Pak Kyai tersentuh. Sorot matanya berubah, bukan sekadar kekaguman, tapi rasa haru dan bangga yang dalam. Tak banyak anak muda berpikir sejauh itu dan tulus memberi tanpa berharap pamrih.

'Ya Allah ampuni seluruh dosanya, baik yang disengaja maupun tidak sengaja. Terimalah segala amal baiknya dan tempatkan dia di tempat terbaik di sisi-Mu.' doa kyai Hasan, mengusap air matanya sambil menyunggingkan senyum haru dan tulus.

"Abi, kenapa nangis?" Suara Aurel menyentaknya.

"Nangis? Enggak, nak. Abi cuman kelilipan saja." Jawab kyai Hasan sambil menggosok matanya, seakan beneran kelilipan.

"Tap-"

"Abi, Bella rindu sama Abi!" Ucap Bella tersenyum dibalik cadar, menangkup kedua tangannya didepan dada, Saliman dengan yang bukan mahram.

Pak kyai menatap Bella dengan senyuman hangat. "Abi juga rindu, nak. Rindu sekali..." Ucapnya menekankan.

"Terimakasih sudah tetap menjaga adabmu, nak. Abi bangga sama kamu." Lanjutnya, tersenyum senang, tak tersinggung sama sekali dengan sikap Bella. Pasalnya, sejak Bella baligh, memang kyai Hasan harus menjaga batasnya terhadap wanita yang bukan mahram.

"Jazakallah Khairan, Abi. Ini semua berkat Abi dan umi yang mengajarkan banyak ilmu keagamaan sama Bella." Ujar Bella lembut, sopan.

Kyai Hasan dan umi mengganguk, mengulas senyum hangat. dengan penuh semangat, umi menggandeng tangan Bella, mengajaknya masuk ke ndalem.

"Silahkan duduk, nak." Ucap pak kyai sopan, menggulurkan tangannya ke sofa.

Bella mengganguk pelan, lalu duduk. Matanya menyapu kediaman dengan rasa rindu yang membuncah. Tempat inilah ia tumbuh, belajar, dan menemukan makna kehidupan dalam waktu 25 tahun lamanya. Setiap sudut-sudut pondok dan kediaman banyak menyimpan kenangan-kenangan yang sulit dilupakan, termasuk kenangannya dengan seseorang yang ia cintai dalam diam, tanpa berani menyatakan perasaanya.
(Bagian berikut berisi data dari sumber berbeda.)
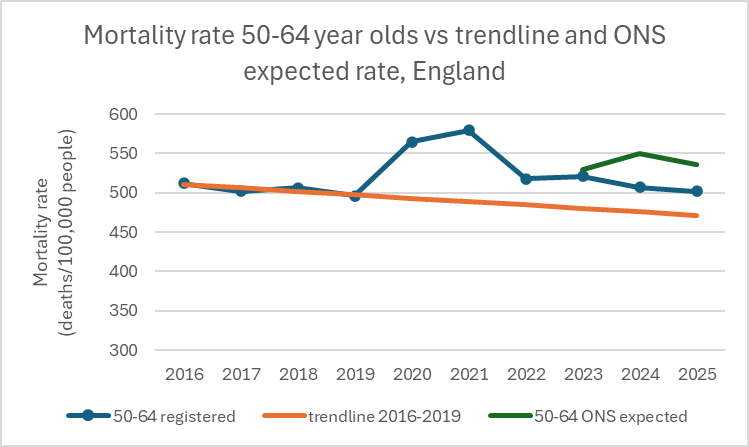 Figure 5: Mortality rate for 50-64 year-olds vs trend and ONS expected rate

"Ayo, diminum dulu tehnya, mbak." Ujar Aurel meletakkan segelas teh hangat—minuman favorit Bella.

"Makasih, dek. Jadi nggak enak, ngerepotin." Jawab Bella, mengambil secangkir gelas dan menyesapnya secara perlahan, menikmati setiap air yang mengalir serta aroma khasnya yang begitu menenangkan.

Aurel tersenyum, duduk disamping Bella. "Nggak repot sama sekali, mbak. Justru aku senang banget atas kedatangan mbak Bella kesini. Umi dari tadi sampai nanya terus ke aku, nggak sabaran mau ketemu kamu, heheh!" Jelas Aurel, melirik ummi yang tampak salah tingkah.

Bella tersenyum hangat, lalu menoleh ke arah Umi yang kini ikut tersipu.

"Umi kangen sama kamu, Nak. Rasanya pondok ini sepi banget tanpa celotehmu," ujar Umi, mencoba menyembunyikan harunya.

Bella bangkit perlahan, lalu menghampiri dan memeluk Umi dengan lembut. "Maaf ya, Umi... Bella jadi jarang datang kesini. Tapi Bella selalu kangen, dan selalu bawa doa-doa Umi ke mana pun Bella pergi."

Umi mengelus lengan Bella. "Umi ngerti, nak. Sekarang kamu punya dunia yang lebih luas. Tapi buat umi, kamu tetaplah anak umi."

Bella tersentuh. "Dunia boleh berubah mi, tapi buat Bella, umi tetaplah umi, ibu Bella." Kata Bella lembut membuat umi tak kuasa menahan air mata. Hatinya terenyuh dengan kata-kata itu.

Keduanya saling berpelukan erat, menyatukan rindu dan kasih sayang yang terpendam. Diam sejenak, hati mereka berbicara tanpa kata, menguatkan ikatan yang tak tergantikan. Momen itu disaksikan kyai Hasan dan aurel, yang tersenyum hangat, merasa bahagia melihat kebersamaan itu yang masih sama dari dulu.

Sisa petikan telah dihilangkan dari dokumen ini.